*** DATA SECTION Section Begins ***
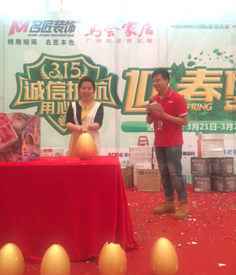 為了感謝羊城客戶對(duì)名匠裝飾20多年來的一貫支持,現(xiàn)場(chǎng)還安排砸金蛋、抽大獎(jiǎng)以及迎春抓錢大行動(dòng)多重大禮包回饋業(yè)主。取得了豐碩的業(yè)績(jī)回報(bào)和提升品牌的美譽(yù)度,打響了2015年內(nèi)部升級(jí)的第一搶!??!
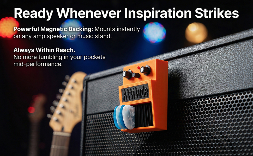 [Pro Studio & Gothic Decor] استمتع بأجواء موسيقى الروك والميتال مع عرض اختيار الجيتار "Attitude". مستوحى من مقابض أمبير عتيقة، يمكن استخدام حامل الالتقاط الرائع هذا كديكور موسيقي احترافي. إنه لطيف وبسيط ومفيد للحفاظ على الاستوديو أو غرفة التدريب الخاصة بك نظيفة وخالية من الفوضى.
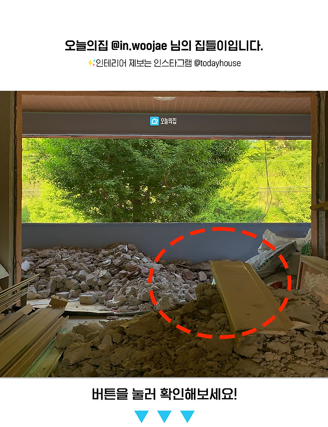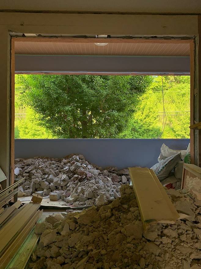 철거 공사 중에 찍은 저희 집 거실 창밖이에요. 리모델링을 처음 구상할 때부터 거실에는 이 나무를 볼 수 있게 만들어야겠다 라고 생각하고 최대한 담아낼 수 있도록 노력했어요.
*** DATA SECTION Section Ends ***
PROBLEM REQUIREMENTS >>
Write each line exactly as it appears, from the line that holds "[Pro Studio &" through the closing line of the data above, and leave every picture out.

WRITTEN RESPONSE >>
 [Pro Studio & Gothic Decor] استمتع بأجواء موسيقى الروك والميتال مع عرض اختيار الجيتار "Attitude". مستوحى من مقابض أمبير عتيقة، يمكن استخدام حامل الالتقاط الرائع هذا كديكور موسيقي احترافي. إنه لطيف وبسيط ومفيد للحفاظ على الاستوديو أو غرفة التدريب الخاصة بك نظيفة وخالية من الفوضى.
 철거 공사 중에 찍은 저희 집 거실 창밖이에요. 리모델링을 처음 구상할 때부터 거실에는 이 나무를 볼 수 있게 만들어야겠다 라고 생각하고 최대한 담아낼 수 있도록 노력했어요.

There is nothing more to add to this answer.